Auth🔴 Developer has to implement their own auth on tools for the agent to use🟡 Auth (based on OAuth2) has recently been released, though is yet to be widely adopted🟡 Launches with all auth schemes supported by OpenAPI, though this means my agent will need to support whichever auth scheme is supported by the remote agent
Task control & completion🟢 My agent has full control over how the task is performed, including deciding when it is complete. All output from the other system is accessible to my agent via tools, and my agent determines what information is retained during and after runtime🟢 As with simple tool usage, my agent has full control over the task, its completion, the output of tools and how information is retained.🟡 My agent relies on controlling the remote agent through negotiation and relies on the information sharing and retention decisions of the remote agent. It also relies on the remote agent to decide when a task is deemed complete or when further input is needed.

A summary of the various communication schemes between agents and tools. Traffic light symbols give an assessment of how well each technology solves the user problem.

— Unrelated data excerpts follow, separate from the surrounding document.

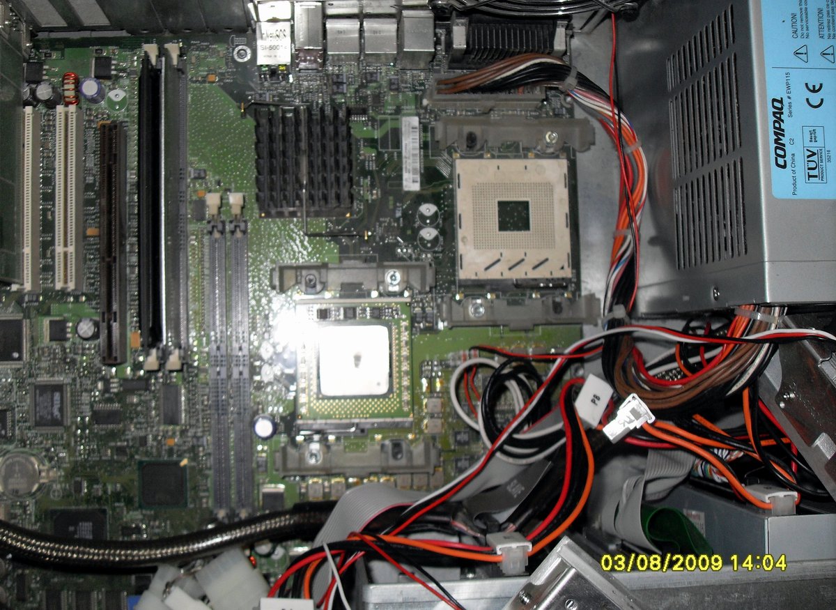 Dual 1ghz, 2 gig of RAM, I think. Not sure of the drives. It's slated to be replaced this year...
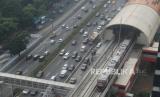 REPUBLIKA.CO.ID,JAKARTA -- Rangkaian kereta LRT Jakarta-Bogor-Depok-Bekasi (Jabodebek) melintas di Jalan Gatot Subroto, Jakarta Selatan, Kamis (14/6/2023).
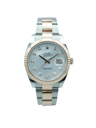 The 2016 Rolex Datejust 41 mm ref. 126331 features a mother-of-pearl dial with factory-set diamonds, fluted 18K rose gold bezel, and a two-tone Oyster bracelet. This complete set is 100 % authentic and expert verified, includes the original Rolex box and papers, and ships with free insured shipping.

As discussed in our previous blog post (Beyond APIs (↗)), we believe agent-to-agent communication will eventually become widespread. This communication will be interactive, multi-turn and goal-oriented, rather than utilising single-shot, transactional, rigid APIs and tools that are common now. At Portia, we’ve built our clarifications architecture (↗) to handle this and it’s exciting to see the ecosystem progressing in this direction.

However, we do not foresee A2A getting the same rapid adoption of MCP. MCP addressed a clear, mainstream problem: enabling agents to interact with APIs. Agent builders wanted to move beyond simple chat or RAG systems without building custom tools for every API, while API providers wanted to support agents without adapting to every agent framework. MCP elegantly solved this MxN problem by allowing providers to repackage their existing APIs and documentation into an MCP server easily.

In contrast, agent-to-agent communication hasn’t yet become mainstream and is significantly more complex. Deploying an agent in front of an API introduces challenges like managing ambiguous multi-turn requests, maintaining state, handling offline clients, and gracefully resolving cascading errors. Additionally, with the distinction between tools and agents not clear cut, it adds complexity to the ecosystem to have different protocols for both.

Therefore, in the short-term we expect companies to continue to focus on MCP and we expect to see a growing usage of agents within tools. We then expect to see MCP evolve to handle these ‘agents in tools’ use-cases more natively and elegantly, leading to MCP covering all of the 'tool-agent’ spectrum.